Third, create a one-cycle migration plan for each new rule. The plan should include a rollback note and a compatibility window. If command output format changes, keep an accept list for one release window so older output is still recognized while teams migrate automation and prompts. This avoids false regressions and preserves review continuity.

The loop should include a negative test before the positive test. Add the malformed path, confirm the expected failure, and confirm the deterministic remediation message remains unchanged after a clean repository reset. Only then add the corrected form. This sequencing matters because agents evaluate signal quality before they can evaluate intent quality.

Teams with high volume should automate this loop as a reusable mini-playbook. The playbook can be a three-part artifact set: one markdown note that describes the rule and ownership, one script check that emits exact fields, and one incident test that proves the check remains stable across environment paths. This structure scales because it gives each rule a repeatable onboarding path for both humans and agent workers.

Observability becomes meaningful only when it answers three questions: what failed, where it failed, and what to do next. A trace command that prints only generic success and failure is insufficient. A useful trace contract adds stage, rule id, target file, and attempt number so agents can decide whether the fix should be in policy, in schema, or in operational assumptions.
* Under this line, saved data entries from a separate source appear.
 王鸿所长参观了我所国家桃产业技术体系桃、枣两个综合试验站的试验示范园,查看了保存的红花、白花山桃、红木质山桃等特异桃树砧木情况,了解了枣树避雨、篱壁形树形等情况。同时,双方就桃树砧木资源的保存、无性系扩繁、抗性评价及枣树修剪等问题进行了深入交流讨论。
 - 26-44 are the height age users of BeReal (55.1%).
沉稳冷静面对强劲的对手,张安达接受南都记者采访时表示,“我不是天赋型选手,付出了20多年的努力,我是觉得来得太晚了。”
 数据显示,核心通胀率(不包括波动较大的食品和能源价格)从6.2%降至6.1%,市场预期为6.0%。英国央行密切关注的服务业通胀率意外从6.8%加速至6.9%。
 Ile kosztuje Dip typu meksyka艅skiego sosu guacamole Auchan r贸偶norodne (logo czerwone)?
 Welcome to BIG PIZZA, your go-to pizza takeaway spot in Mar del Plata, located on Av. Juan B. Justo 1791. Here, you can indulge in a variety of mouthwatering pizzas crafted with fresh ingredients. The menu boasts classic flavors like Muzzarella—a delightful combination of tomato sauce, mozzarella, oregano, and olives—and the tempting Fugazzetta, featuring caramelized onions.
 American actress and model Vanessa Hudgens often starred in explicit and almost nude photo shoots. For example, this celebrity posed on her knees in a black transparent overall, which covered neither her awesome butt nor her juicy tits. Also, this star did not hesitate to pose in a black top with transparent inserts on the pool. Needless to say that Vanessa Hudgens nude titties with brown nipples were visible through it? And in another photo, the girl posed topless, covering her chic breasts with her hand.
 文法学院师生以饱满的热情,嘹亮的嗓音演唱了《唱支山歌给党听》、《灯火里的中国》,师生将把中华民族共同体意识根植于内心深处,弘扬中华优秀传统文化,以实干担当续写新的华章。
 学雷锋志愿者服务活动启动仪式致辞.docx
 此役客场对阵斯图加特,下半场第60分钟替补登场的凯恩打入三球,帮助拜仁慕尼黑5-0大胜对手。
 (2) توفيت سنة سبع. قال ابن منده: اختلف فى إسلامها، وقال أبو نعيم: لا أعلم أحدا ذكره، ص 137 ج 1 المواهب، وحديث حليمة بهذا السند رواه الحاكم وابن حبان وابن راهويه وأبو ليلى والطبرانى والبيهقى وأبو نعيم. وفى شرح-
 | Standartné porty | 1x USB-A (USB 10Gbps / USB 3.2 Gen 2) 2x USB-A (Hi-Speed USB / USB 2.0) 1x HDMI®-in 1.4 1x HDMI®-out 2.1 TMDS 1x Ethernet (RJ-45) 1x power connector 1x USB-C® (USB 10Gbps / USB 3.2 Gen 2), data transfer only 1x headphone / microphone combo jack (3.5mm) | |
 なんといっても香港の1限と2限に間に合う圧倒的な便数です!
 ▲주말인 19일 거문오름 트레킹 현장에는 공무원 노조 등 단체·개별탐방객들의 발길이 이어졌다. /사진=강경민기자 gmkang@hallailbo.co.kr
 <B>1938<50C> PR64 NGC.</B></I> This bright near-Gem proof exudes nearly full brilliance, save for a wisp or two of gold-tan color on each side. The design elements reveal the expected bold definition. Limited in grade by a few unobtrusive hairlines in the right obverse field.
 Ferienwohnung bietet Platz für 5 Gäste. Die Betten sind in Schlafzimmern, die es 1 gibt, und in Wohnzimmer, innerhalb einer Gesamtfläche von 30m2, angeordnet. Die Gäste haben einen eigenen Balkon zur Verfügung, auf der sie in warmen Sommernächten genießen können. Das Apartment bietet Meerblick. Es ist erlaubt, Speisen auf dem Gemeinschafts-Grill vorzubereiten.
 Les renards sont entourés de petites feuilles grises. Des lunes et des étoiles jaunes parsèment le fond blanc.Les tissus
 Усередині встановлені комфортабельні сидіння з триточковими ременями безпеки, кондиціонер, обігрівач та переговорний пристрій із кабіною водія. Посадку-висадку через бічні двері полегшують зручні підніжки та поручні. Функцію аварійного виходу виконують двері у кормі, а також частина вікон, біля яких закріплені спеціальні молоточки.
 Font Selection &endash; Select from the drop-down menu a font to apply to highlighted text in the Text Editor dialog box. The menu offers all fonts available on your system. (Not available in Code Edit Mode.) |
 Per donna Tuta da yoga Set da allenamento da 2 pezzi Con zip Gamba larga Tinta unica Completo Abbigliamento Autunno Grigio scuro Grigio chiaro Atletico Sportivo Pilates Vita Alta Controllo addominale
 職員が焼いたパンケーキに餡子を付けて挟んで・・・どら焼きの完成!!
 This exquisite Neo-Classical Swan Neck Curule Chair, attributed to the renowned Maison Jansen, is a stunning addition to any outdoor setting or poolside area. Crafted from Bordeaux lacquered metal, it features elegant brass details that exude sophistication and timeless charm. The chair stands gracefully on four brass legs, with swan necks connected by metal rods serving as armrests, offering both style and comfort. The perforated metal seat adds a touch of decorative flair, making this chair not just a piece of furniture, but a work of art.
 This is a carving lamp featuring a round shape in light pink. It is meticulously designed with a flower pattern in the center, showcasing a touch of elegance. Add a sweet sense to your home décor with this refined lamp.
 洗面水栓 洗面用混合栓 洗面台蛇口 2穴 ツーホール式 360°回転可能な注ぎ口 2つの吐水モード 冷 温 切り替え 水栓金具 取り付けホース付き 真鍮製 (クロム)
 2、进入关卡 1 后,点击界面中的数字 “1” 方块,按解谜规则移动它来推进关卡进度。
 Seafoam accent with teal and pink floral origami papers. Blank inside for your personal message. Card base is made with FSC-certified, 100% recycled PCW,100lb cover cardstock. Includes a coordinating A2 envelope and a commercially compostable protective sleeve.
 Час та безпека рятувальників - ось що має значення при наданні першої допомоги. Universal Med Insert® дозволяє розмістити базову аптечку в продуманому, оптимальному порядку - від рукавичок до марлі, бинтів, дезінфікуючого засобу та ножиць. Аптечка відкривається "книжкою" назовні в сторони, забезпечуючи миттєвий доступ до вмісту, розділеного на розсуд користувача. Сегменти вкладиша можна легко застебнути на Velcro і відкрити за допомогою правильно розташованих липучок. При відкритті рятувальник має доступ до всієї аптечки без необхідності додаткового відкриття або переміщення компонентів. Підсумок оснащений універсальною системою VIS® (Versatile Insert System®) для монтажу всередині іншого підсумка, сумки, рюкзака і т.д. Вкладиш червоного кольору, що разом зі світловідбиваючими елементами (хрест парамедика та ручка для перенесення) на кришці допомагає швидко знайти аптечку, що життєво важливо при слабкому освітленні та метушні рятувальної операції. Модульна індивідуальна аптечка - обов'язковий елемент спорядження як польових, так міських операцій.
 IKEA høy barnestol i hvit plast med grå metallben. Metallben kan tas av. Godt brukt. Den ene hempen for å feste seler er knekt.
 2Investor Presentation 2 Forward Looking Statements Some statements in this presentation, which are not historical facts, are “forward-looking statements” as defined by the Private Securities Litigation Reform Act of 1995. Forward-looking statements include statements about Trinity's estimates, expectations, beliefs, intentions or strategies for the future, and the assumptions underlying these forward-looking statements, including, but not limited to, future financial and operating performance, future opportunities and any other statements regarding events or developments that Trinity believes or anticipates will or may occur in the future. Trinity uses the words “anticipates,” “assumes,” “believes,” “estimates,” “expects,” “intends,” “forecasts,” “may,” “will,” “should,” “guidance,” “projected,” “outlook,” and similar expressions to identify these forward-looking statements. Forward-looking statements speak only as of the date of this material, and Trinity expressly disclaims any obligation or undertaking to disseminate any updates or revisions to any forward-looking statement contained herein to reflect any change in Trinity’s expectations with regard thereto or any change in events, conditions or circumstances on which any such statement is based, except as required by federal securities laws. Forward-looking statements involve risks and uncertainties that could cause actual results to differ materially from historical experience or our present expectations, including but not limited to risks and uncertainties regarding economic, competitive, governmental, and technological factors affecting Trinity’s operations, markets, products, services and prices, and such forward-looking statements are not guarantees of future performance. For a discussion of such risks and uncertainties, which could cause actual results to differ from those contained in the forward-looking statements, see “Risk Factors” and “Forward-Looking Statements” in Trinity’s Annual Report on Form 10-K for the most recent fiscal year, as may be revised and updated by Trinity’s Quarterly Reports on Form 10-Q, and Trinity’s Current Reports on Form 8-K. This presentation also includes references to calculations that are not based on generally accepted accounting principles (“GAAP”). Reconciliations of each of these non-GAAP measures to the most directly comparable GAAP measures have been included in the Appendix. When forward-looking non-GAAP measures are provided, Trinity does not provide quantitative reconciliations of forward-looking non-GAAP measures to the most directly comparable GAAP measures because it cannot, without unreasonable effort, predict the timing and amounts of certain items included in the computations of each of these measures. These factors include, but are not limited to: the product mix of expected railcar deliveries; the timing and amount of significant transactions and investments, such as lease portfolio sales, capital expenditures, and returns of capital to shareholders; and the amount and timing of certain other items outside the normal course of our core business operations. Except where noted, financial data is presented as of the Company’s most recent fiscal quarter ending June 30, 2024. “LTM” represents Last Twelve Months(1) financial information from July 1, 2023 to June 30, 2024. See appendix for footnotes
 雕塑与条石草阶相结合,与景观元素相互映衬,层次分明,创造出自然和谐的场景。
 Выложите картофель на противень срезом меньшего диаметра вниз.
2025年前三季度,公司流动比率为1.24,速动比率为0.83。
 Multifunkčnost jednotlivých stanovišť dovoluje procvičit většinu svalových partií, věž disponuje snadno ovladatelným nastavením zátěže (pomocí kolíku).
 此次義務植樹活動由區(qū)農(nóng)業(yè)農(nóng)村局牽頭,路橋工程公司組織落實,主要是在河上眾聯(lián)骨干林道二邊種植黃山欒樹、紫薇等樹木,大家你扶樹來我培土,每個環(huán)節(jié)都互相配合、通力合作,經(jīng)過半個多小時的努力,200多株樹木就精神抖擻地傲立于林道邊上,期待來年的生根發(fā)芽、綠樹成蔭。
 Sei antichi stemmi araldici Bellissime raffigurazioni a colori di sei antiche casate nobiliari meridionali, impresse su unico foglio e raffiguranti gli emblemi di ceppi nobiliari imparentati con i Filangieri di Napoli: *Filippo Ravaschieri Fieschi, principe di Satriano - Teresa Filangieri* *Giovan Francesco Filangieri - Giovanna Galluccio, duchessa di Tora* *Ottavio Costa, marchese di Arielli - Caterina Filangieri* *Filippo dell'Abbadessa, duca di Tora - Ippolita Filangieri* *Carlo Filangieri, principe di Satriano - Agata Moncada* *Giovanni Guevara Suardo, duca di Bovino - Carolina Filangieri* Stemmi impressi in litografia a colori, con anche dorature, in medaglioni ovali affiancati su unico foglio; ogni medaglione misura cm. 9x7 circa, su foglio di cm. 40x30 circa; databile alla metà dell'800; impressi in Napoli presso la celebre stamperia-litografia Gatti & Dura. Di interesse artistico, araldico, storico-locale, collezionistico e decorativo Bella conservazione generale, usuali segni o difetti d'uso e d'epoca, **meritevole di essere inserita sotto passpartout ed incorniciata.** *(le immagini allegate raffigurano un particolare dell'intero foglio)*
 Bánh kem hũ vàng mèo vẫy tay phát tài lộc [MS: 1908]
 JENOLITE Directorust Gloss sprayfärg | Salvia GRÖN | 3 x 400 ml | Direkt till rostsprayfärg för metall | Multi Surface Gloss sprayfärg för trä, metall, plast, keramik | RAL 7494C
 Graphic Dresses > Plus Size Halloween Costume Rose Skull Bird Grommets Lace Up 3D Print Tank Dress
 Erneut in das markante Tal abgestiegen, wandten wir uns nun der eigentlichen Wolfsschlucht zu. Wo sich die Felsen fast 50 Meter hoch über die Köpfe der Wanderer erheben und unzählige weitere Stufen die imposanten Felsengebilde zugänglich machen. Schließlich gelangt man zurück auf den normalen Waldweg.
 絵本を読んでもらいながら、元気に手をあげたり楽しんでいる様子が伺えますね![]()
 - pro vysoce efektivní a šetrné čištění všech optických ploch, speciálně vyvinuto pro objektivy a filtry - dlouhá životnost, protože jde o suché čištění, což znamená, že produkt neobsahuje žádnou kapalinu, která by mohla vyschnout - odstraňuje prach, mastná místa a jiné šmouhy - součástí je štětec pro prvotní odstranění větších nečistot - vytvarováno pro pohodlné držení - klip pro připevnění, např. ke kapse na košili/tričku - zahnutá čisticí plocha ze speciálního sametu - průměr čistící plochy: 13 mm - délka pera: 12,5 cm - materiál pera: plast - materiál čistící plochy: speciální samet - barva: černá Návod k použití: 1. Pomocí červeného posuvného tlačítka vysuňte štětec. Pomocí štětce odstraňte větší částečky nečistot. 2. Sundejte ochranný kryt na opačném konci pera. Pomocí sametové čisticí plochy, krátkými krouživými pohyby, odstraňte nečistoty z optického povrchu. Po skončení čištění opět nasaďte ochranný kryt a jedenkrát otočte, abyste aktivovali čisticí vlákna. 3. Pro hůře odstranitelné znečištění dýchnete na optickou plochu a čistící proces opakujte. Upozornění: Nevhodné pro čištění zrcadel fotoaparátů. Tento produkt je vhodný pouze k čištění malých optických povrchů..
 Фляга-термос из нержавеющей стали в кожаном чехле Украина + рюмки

In the field, teams often discover that policy enforcement and trace visibility drift apart over time. A pre-commit hook might pass locally while CI still fails because the CI layer uses an older contract, older branch naming, or a different path set. That is not a tooling bug; it is a contract debt problem. The remedy is not tighter scripts but synchronized owners, synchronized invocation, and synchronized docs.

A mature team can treat these observability fields as a small event protocol. Stage transition events can be recorded by hooks, runbooks, or lightweight local scripts. The schema should be strict enough for script parsing but human-readable enough for incident reviews. This is where an observability tool choice matters: if your query language and retention model allow per-worktree ephemeral stacks, you can validate a local exercise in a scratch namespace without polluting team telemetry.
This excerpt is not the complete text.